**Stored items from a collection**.
╭──
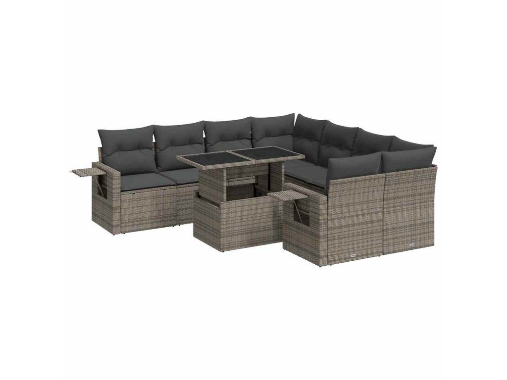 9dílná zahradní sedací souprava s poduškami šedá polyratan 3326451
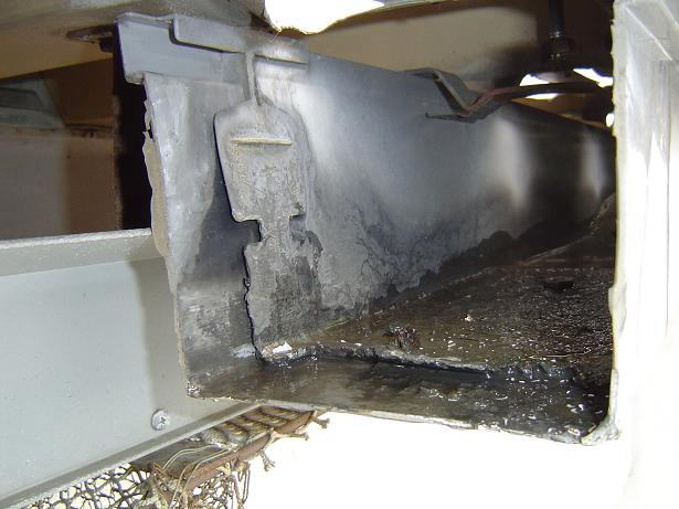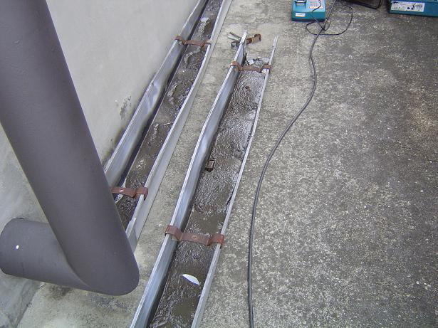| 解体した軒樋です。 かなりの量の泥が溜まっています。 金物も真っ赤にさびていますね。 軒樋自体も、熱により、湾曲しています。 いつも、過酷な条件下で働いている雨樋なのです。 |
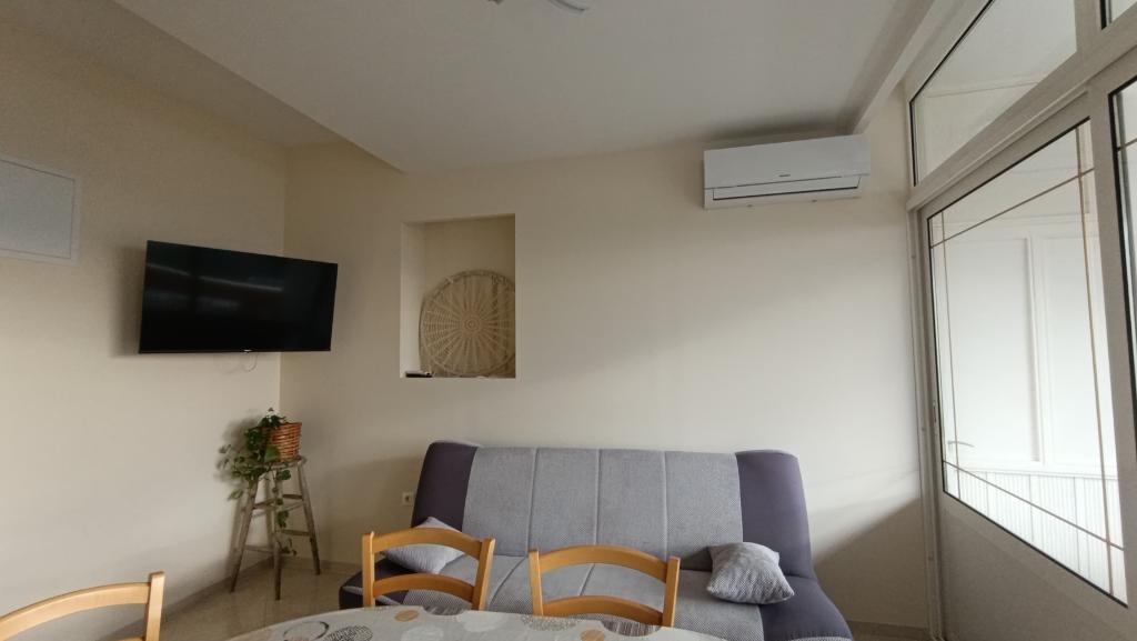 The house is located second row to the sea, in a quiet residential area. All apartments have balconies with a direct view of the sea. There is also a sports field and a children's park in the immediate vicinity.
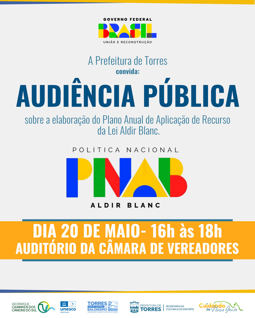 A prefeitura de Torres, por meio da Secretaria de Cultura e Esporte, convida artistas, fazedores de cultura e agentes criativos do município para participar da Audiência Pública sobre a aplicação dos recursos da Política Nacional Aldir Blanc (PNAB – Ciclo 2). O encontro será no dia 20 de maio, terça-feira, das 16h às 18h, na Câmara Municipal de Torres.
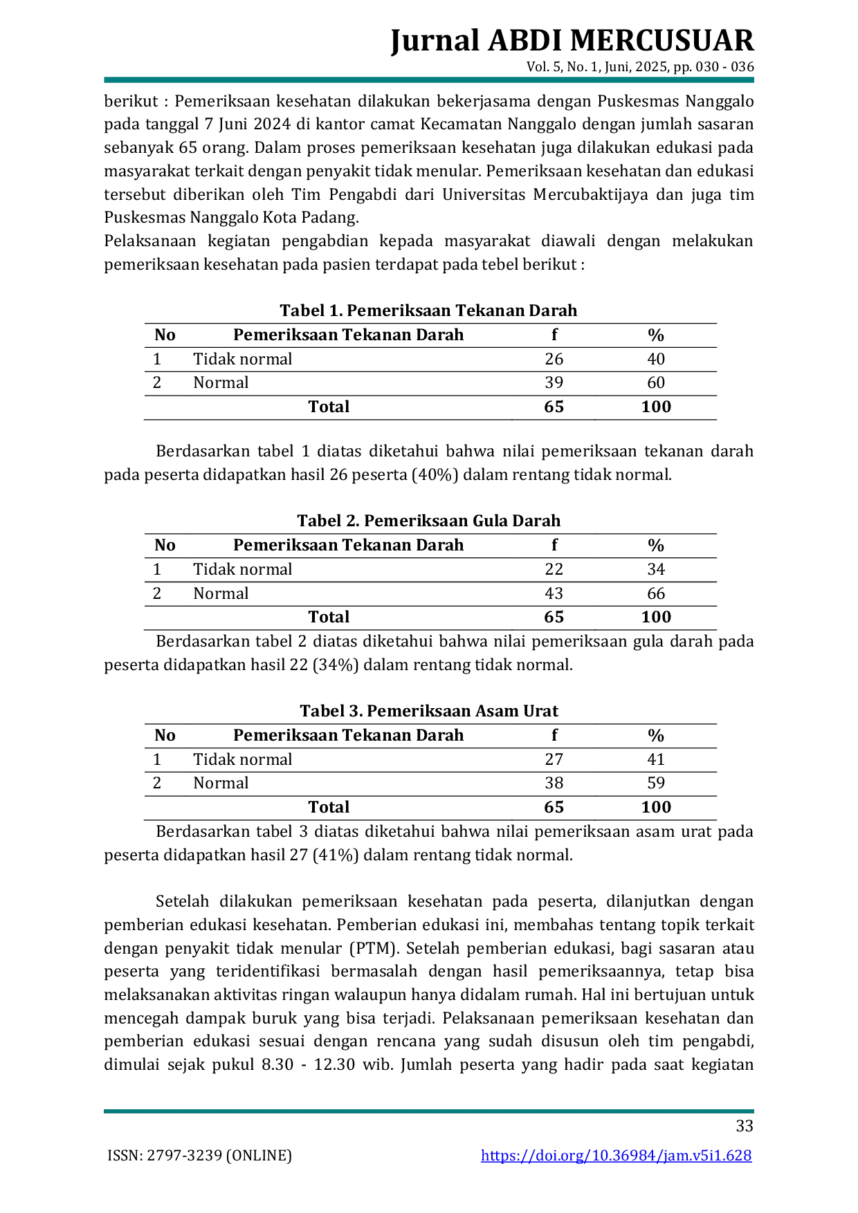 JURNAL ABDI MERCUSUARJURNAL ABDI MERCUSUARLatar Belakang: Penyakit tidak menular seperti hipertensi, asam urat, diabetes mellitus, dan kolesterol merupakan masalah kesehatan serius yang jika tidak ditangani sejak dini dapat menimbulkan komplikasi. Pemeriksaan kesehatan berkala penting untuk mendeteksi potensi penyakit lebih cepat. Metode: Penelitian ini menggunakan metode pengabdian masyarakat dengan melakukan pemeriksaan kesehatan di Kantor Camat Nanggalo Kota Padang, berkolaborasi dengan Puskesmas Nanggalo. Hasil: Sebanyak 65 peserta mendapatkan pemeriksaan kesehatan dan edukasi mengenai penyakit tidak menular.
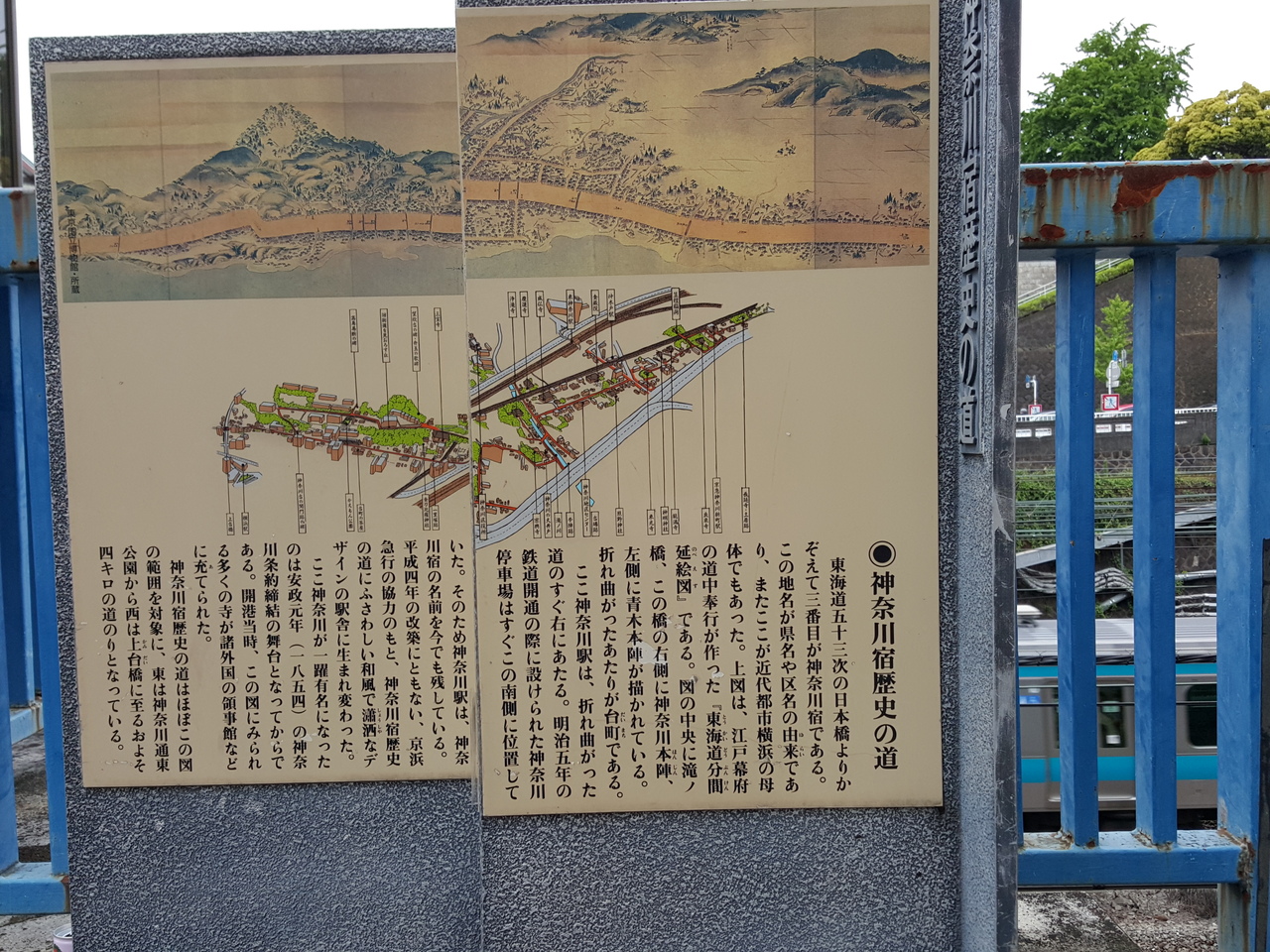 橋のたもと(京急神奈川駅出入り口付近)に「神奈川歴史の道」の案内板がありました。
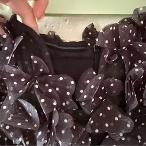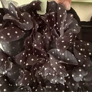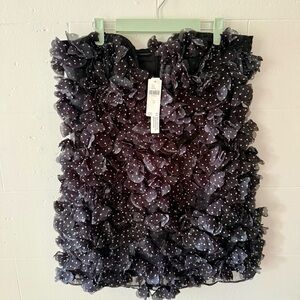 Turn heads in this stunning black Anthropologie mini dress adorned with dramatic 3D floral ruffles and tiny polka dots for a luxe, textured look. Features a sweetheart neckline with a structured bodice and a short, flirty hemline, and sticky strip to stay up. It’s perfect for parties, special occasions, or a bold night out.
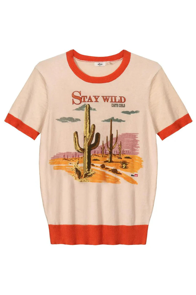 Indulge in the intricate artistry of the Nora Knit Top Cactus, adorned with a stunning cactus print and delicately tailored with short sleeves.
╰──
**Exercise requirements**.
All the lines above must be written out exactly, without a single picture.

**Answer section**.
 9dílná zahradní sedací souprava s poduškami šedá polyratan 3326451
| 解体した軒樋です。 かなりの量の泥が溜まっています。 金物も真っ赤にさびていますね。 軒樋自体も、熱により、湾曲しています。 いつも、過酷な条件下で働いている雨樋なのです。 |
 The house is located second row to the sea, in a quiet residential area. All apartments have balconies with a direct view of the sea. There is also a sports field and a children's park in the immediate vicinity.
 A prefeitura de Torres, por meio da Secretaria de Cultura e Esporte, convida artistas, fazedores de cultura e agentes criativos do município para participar da Audiência Pública sobre a aplicação dos recursos da Política Nacional Aldir Blanc (PNAB – Ciclo 2). O encontro será no dia 20 de maio, terça-feira, das 16h às 18h, na Câmara Municipal de Torres.
 JURNAL ABDI MERCUSUARJURNAL ABDI MERCUSUARLatar Belakang: Penyakit tidak menular seperti hipertensi, asam urat, diabetes mellitus, dan kolesterol merupakan masalah kesehatan serius yang jika tidak ditangani sejak dini dapat menimbulkan komplikasi. Pemeriksaan kesehatan berkala penting untuk mendeteksi potensi penyakit lebih cepat. Metode: Penelitian ini menggunakan metode pengabdian masyarakat dengan melakukan pemeriksaan kesehatan di Kantor Camat Nanggalo Kota Padang, berkolaborasi dengan Puskesmas Nanggalo. Hasil: Sebanyak 65 peserta mendapatkan pemeriksaan kesehatan dan edukasi mengenai penyakit tidak menular.
 橋のたもと(京急神奈川駅出入り口付近)に「神奈川歴史の道」の案内板がありました。
 Turn heads in this stunning black Anthropologie mini dress adorned with dramatic 3D floral ruffles and tiny polka dots for a luxe, textured look. Features a sweetheart neckline with a structured bodice and a short, flirty hemline, and sticky strip to stay up. It’s perfect for parties, special occasions, or a bold night out.
 Indulge in the intricate artistry of the Nora Knit Top Cactus, adorned with a stunning cactus print and delicately tailored with short sleeves.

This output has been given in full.